Bamyan, home to one of the country’s most historical landmarks, the remnants of the Bamyan Buddhas, which the Taliban blew up in 2001 following orders from Mullah Omar. Despite the physical loss of the Buddhas, it’s well worth visiting the site. While we didn’t physically enter the site (to avoid paying), we instead went to the Roof of the Bamyan hotel to enjoy tea and take in the beautiful view of the UNESCO site from above.

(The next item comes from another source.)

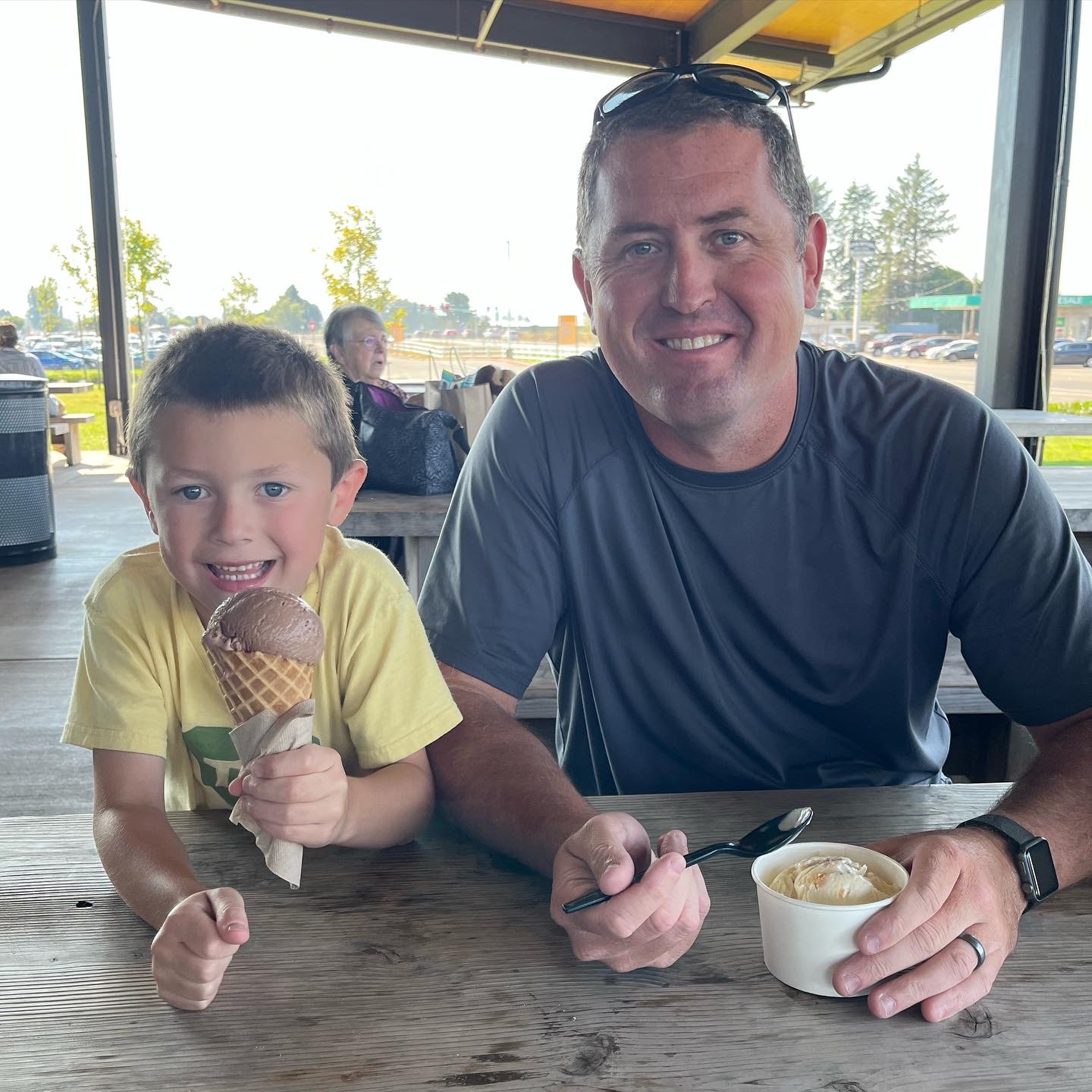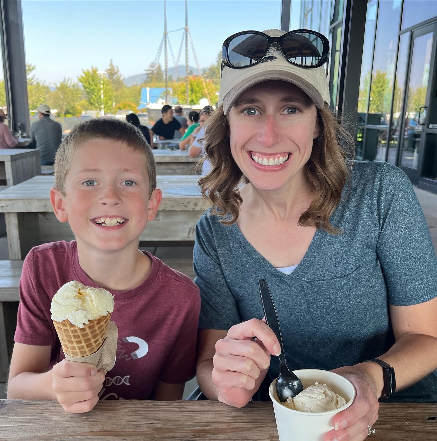 Lava Butte was our first destination the following day. We walked the path around the cinder cone and then took a walk through the lava fields below. It seems our vacation was really a geology field trip. After a volcanic morning, we went into Bend for lunch and shopping. Our afternoon included another family bike ride. This time to the resort playground. We returned our bikes after that ride and went for ice cream and souvenir shopping in The Village at Sunriver. We went to the Cove for our final swim, only to discovered that it was closed. Such a bummer, but we changed plans quickly. We went back to play at the park and then we grabbed a sweet treat to eat by the fire pits behind the Sunriver Lodge.

Bamyan is also home to the Hazaras, one of Afghanistan’s most diverse ethnic groups. Primarily Shi’a Muslim, as opposed to the majority Shi’te, the Hazaras are believed to be descendants of Mongols and Central Asia people, and they have long faced persecution in Afghanistan. The warmth we received from the Hazaras of Bamyan was incredible.
I’d advise staying at Noor Band Qala Hotel for AFN 1,500 for a single room or AFN 2,000 for a double. I loved it here; the staff were so kind and hospitable. It’s just across the river within a 2-minute walk of the main street. For dinner, we went to a restaurant along the main street; if you see them flapping kebabs outside, you know they’ll be fresh.
Band-e-Amir National Park


While you’re in Bamyan, it’s absolutely necessary to take a trip to Band-e-Amir National Park, where a video of the Taliban “iconically” went viral on TikTok, with their RPGs in swan boats. Sadly, the Taliban have banned women from entering a section of the lake, citing that women were not adhering to the hijab rules. But don’t worry, if you’re a female traveller, there’s a spot where you can see the lake from above here.
Getting to Bamyan
If you want to travel from Kabul to Bamyan, you can take a shared taxi (AFN 600) or minibus (AFN 350) from this stand. The journey is around 4/5hours. The road is in good condition, but there’s a lot of traffic leaving Kabul, so it’s best to leave as early as possible.
In Bamyan, you’ll arrive at this terminal, where you can take a private taxi to Band-e-Amir National Park (AFN 2000 total for both ways) and then catch transport back to Kabul.
Herat

Sadly, we were only in Herat for one day and night. But it quickly became my favourite city in Afghanistan, and I wished we had more time there.
Herat was a crucial stop on the Silk Road. It’s the second most populated city after Kabul, with a population of 4 million. Here, given its proximity to Iran, the spoken language is Persian, also known as Farsi. This is why I recommend downloading offline translations of both the Pashtun and Persian languages, along with the respective alphabets.
The Herat Central Blue Mosque is a must. And women can enter, no problem. Locals will be intrigued to see you, and you’ll likely get invited over to enjoy tea. For the mosque, it’s crucial to avoid going at prayer times. Depending on the season, it can be between 4 and 5:30 am, 12 and 1:30 pm, 3 pm and 4 pm, 5.30 pm and 7 pm, and 8 pm and 10 pm.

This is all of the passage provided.